How can we develop therapeutic strategies to prevent this I/R syndrome or ameliorate its potentially disastrous effects? Many approaches have been tried in an effort to reduce the injuries caused by reperfusion. These have included the use of free-radical scavengers, vasodilators such as inhaled nitric oxide, prostaglandin E1, and various antioxidants. Ischemic preconditioning is being investigated as a method of preventing I/R induced injury. There has been some success in the animal model demonstrating that by improvement of liver cell resistance to anoxia and reoxygenation, cell death can be prevented.20 A novel approach has been to examine the effects of remote ischemic preconditioning. This approach has shown that there is a humoral and neurogenic component to the activation of leukocytes in the I/R syndrome. In humans, remote ischemic preconditioning applied to the upper arm can protect against neutrophil activation and prevent endothelial dysfunction in the contralateral arm that was exposed to ischemia and reperfusion.21 Remote ischemic preconditioning has also been shown to reduce the incidence of myocardial infarction in patients undergoing coronary artery surgery.22
The reperfusion syndrome is still a major complication in liver transplantation. Whether it is the acute severe hemodynamic changes that may be seen at revascularization or the cellular damage and death from the systemic inflammatory response and cellular cascade that is triggered by the I/R syndrome has not been clearly defined.

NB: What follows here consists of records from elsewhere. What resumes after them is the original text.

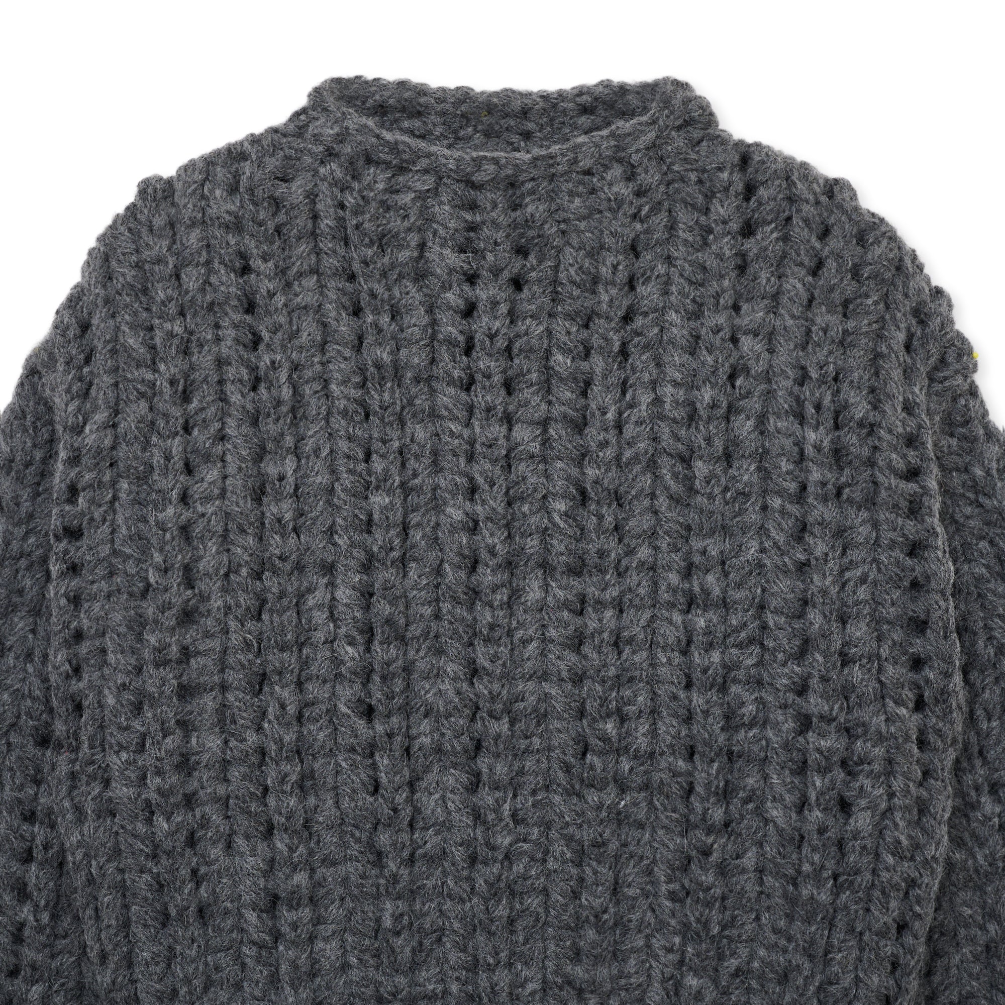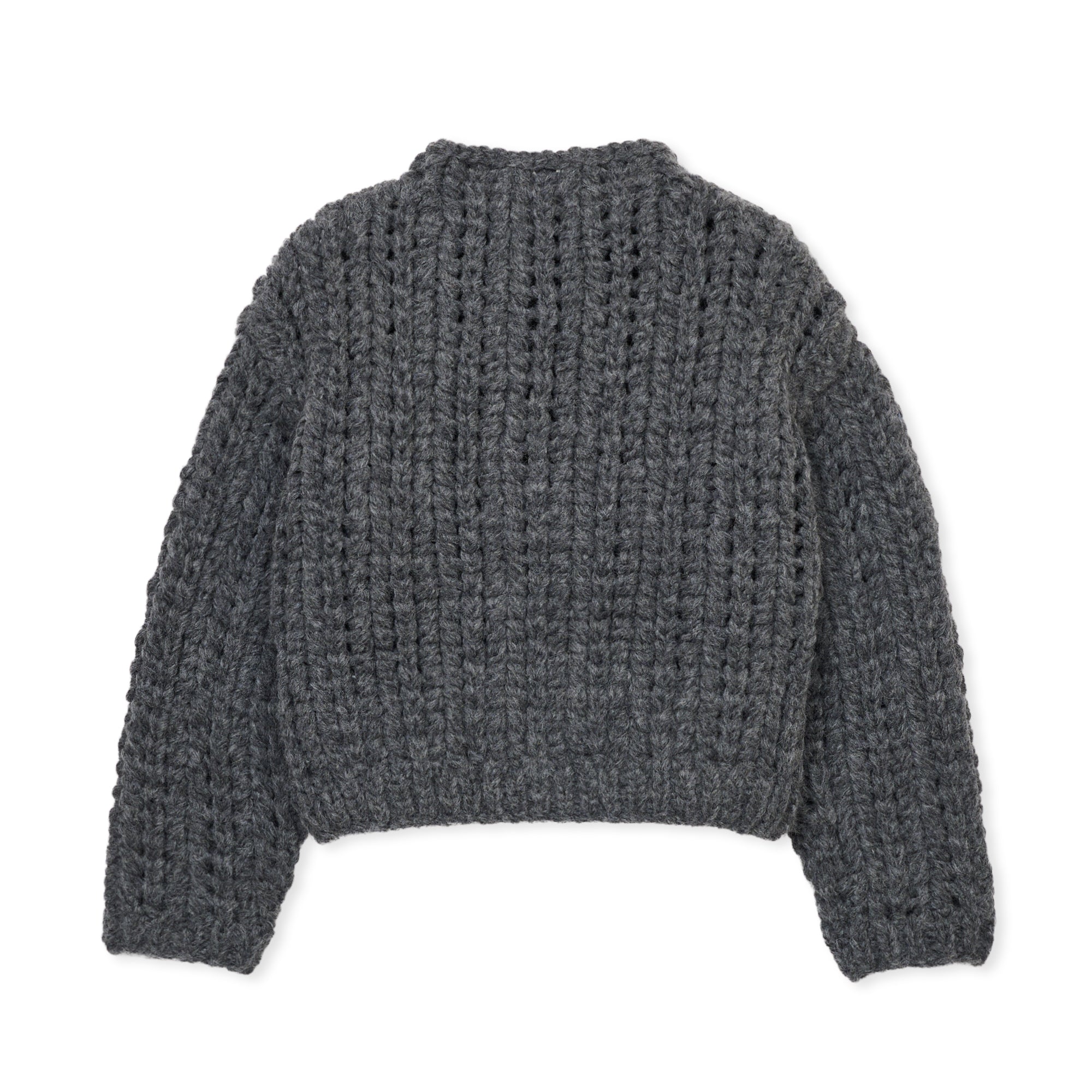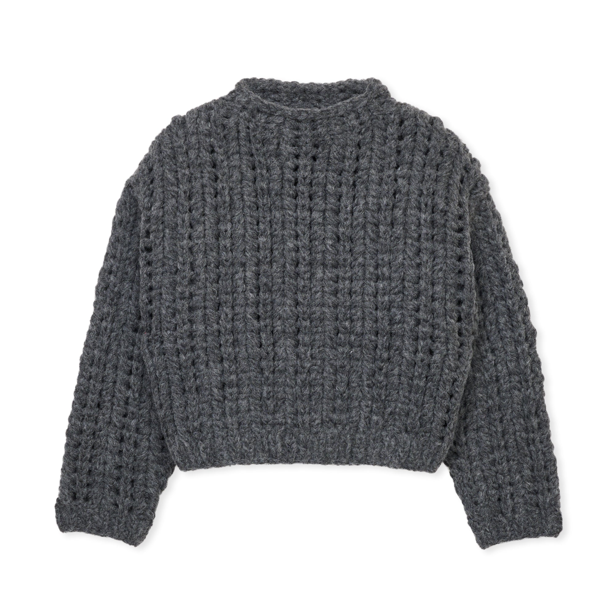 アルパカ混ウール糸を編み上げたショート丈プルオーバーニット。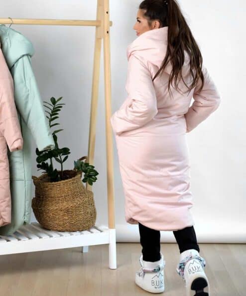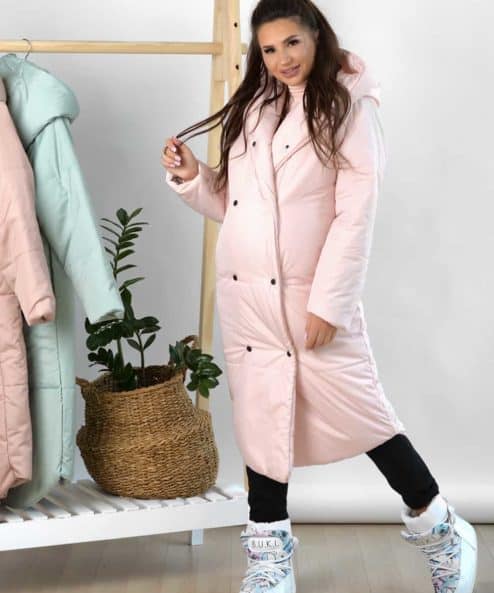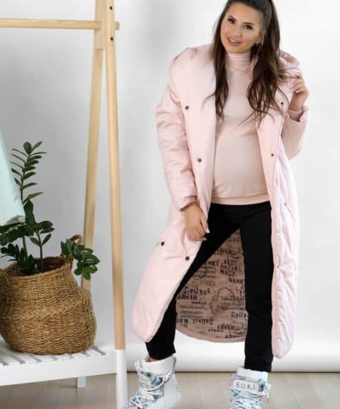 Пудровое зимнее пальто для беременных и кормящих Flambe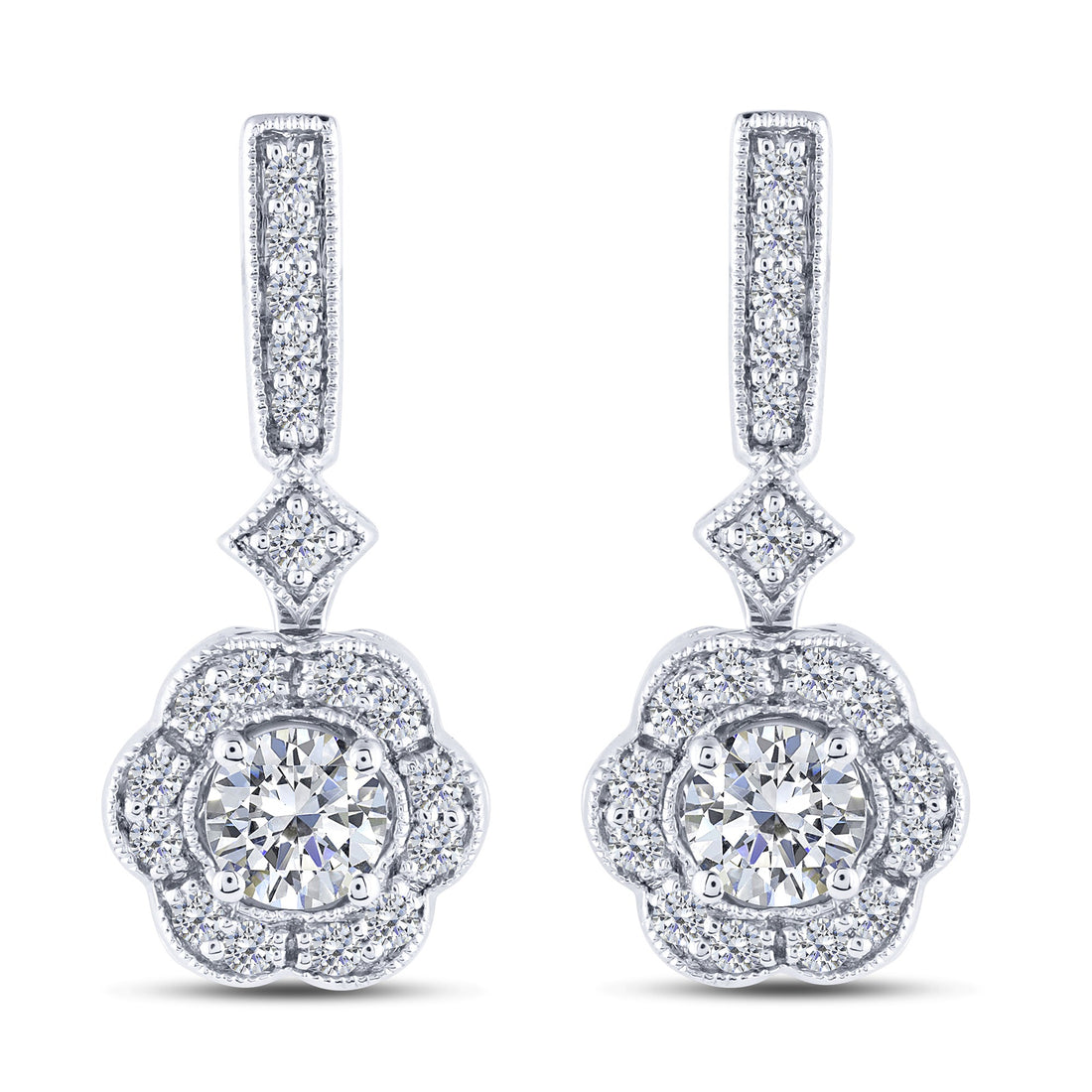 These exquisite 14K white gold dangle earrings showcase a total of 0.75 carats of brilliant...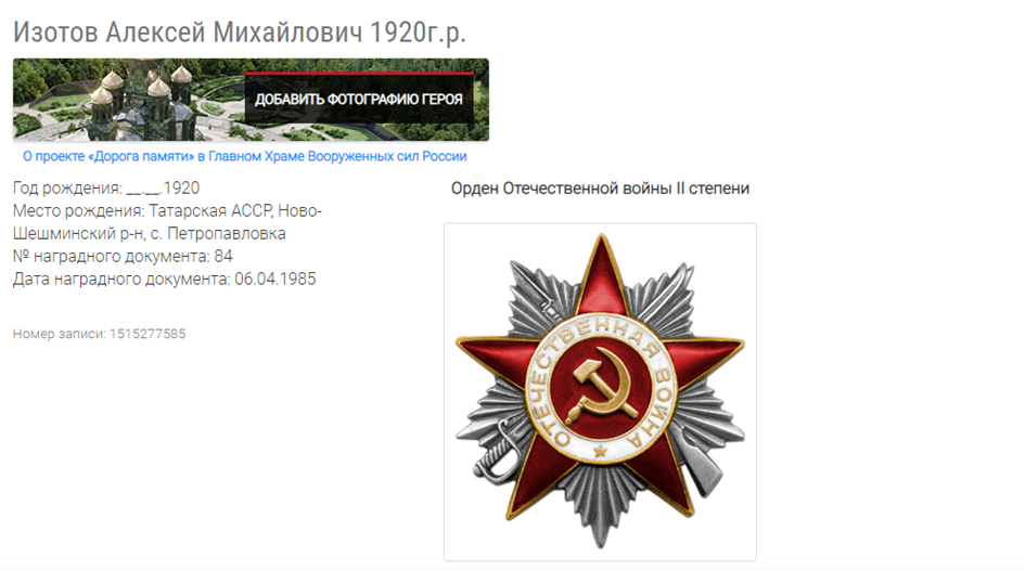 ИЗОТОВ Алексей Михайлович родился в 1920 году в с.Слобода Петропавловская Казанской губернии Чистопольского уезда Новошешминской волости. Мобилизован в 1939 году Новошешминским РВК, ряд., 902 сп, 12 А. Демобилизован в 1942 году. Место работы: колхоз им. Куйбышева, колхозник. Умер в 1987 году, похоронен в с.Слобода Петропавловская.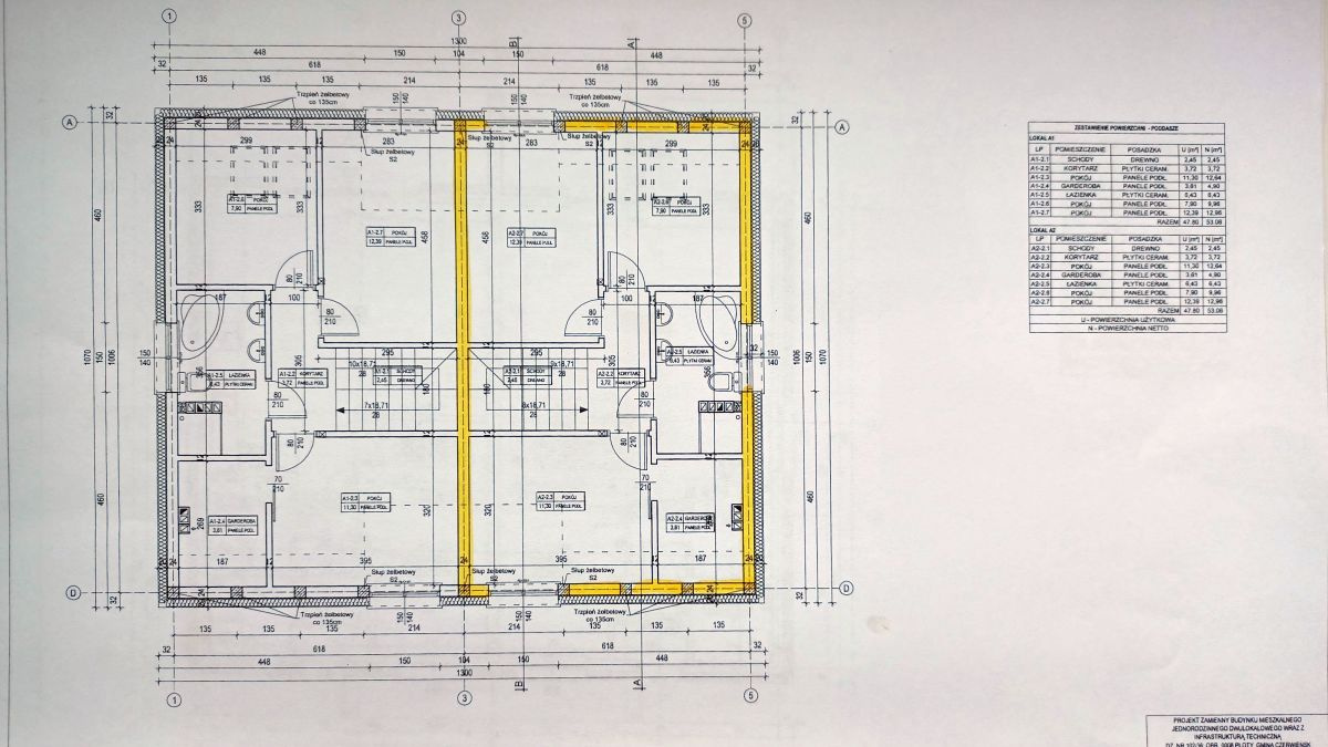 Na poddaszu o powierzchni 47,80 mkw (po podłodze 53,06 mkw) mieszczą się trzy funkcjonalne pokoje - sypialnia małżeńska z własną garderobą oraz dwa pokoje dla dzieci, przestronna łazienka i korytarz, zapewniające komfort i przestrzeń dla całej rodziny.

The experimental evidence for ameliorating this syndrome has to be translated urgently to the clinical practice, and more novel research needs to be performed to prevent this unwanted neutrophil activation.23–25 A recent novel approach by Lang et al.26 of preemptively administering inhaled nitric oxide at 80 ppm has shown some reduction in liver cell apoptosis in a small prospective human study.
Scientific progress in this field has to be accelerated so that more extended criteria donors can be used for liver transplantation with less cellular damage at reperfusion.